By default, an AI will not care about humanity. It will care about maximizing a metric. Maximizing that metric will require resources, and the AI will not care that humans need resources in order to live. The goal is the goal, after all.
Creating an aligned AI requires, at a minimum, building an AI that leaves something for the rest of us, and which doesn’t immediately subvert any restrictions we’ve placed on it to that end. Doing this with a system that has the potential to become many orders of magnitude more intelligent than we are is very difficult.
First point: I think there obviously is such a thing as “objective” good and bad configurations of subsets of reality, see the other thread here https://www.lesswrong.com/posts/eJFimwBijC3d7sjTj/should-any-human-enslave-an-agi-system?commentId=3h6qJMxF2oCBExYMs for details if you want.
Assuming this true, a superintelligence could feasibly be created to understand this. No complicated common human value system alignment is required for that, even under your apparent assumption that the metric to be optimized couldn’t be superseded by another through understanding.

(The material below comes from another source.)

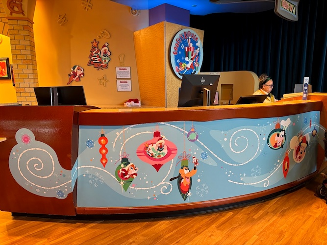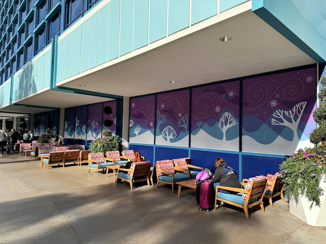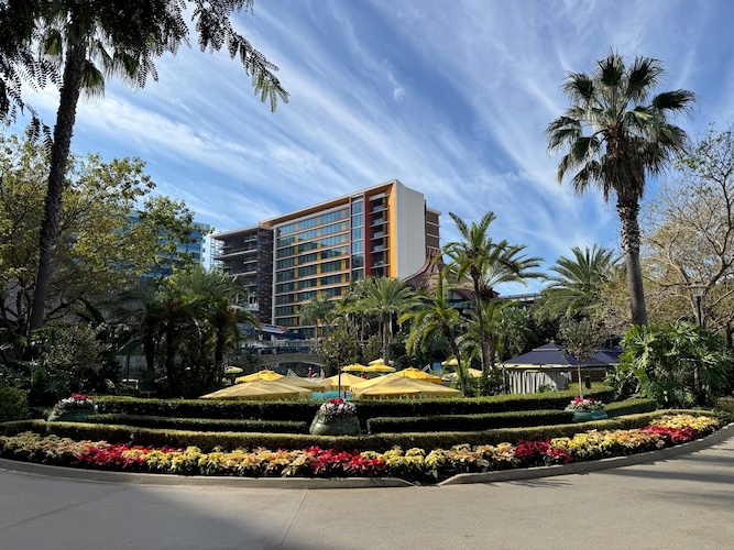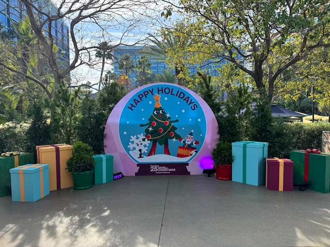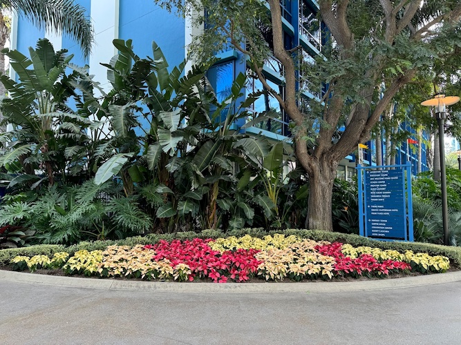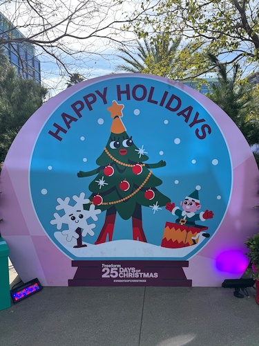 More holiday decor and foliage can be found in the outdoor areas of the hotel, including a promotion for Freeform’s 25 Days of Christmas.

Well, or if it isn’t true that there is an “objective” good and bad, then there really is no ground to stand on for anyone anyway.
Second point: Even if a mere superintelligent paperclip optimizer were created, it could still be better than human control. After all, paper clips neither suffer nor torture, while humans and other animals commonly do.
This preservation of humanity for however long it may be possible, what argumentative ground does it stand on? Can you make an objective case for why it should be so?
I take issue with the word “feasibly”. As Eliezer, Paul Christiano, Nate Soares, and many others have shown, AI alignment is a hard problem, whose difficulty ranges somewhere in between unsolved and insoluble. There are certainly configurations of reality that are preferable to other configurations. The question is, can you describe them well enough to the AI that the AI will actually pursue those configurations over other configurations which superficially resemble those configurations, but which have the side effect of destroying humanity?
I am human, and therefore I desire the continued survival of humanity. That’s objective enough for me.
Fair enough I suppose, I’m not intending to claim that it is trivial.
So do you agree that there are objectively good and bad subset configurations within reality? Or do you disagree with that and mean “preferable” exclusively according to some subject(s)?
I also am human, and judge humanity wanting due to their commonplace lack of understanding when it comes to something as basic as (“objective”) good and bad. I don’t just go “Hey I am a human, guess we totally should have more humans!” like some bacteria in a Petri dish, because I can question myself and my species.
There isn’t a difference. A rock has no morality. A wolf does not pause to consider the suffering of the moose. “Good” and “bad” only make sense in the context of (human) minds.
Ah yes, my mistake to (ab)use the term “objective” all this time.
So you do of course at least agree that there are such minds for which there is “good” and “bad”, as you just said.
Now, would you agree that one can generalize (or “abstract” if you prefer that term here) the concept of subjective good and bad across all imaginable minds that could possibly exist in reality, or not? I assume you will, you can talk about it after all.
Can we then not reason about the subjective good and bad for all these imaginable minds? And does this in turn not allow us to compare good and bad for any potential future subject sets as well?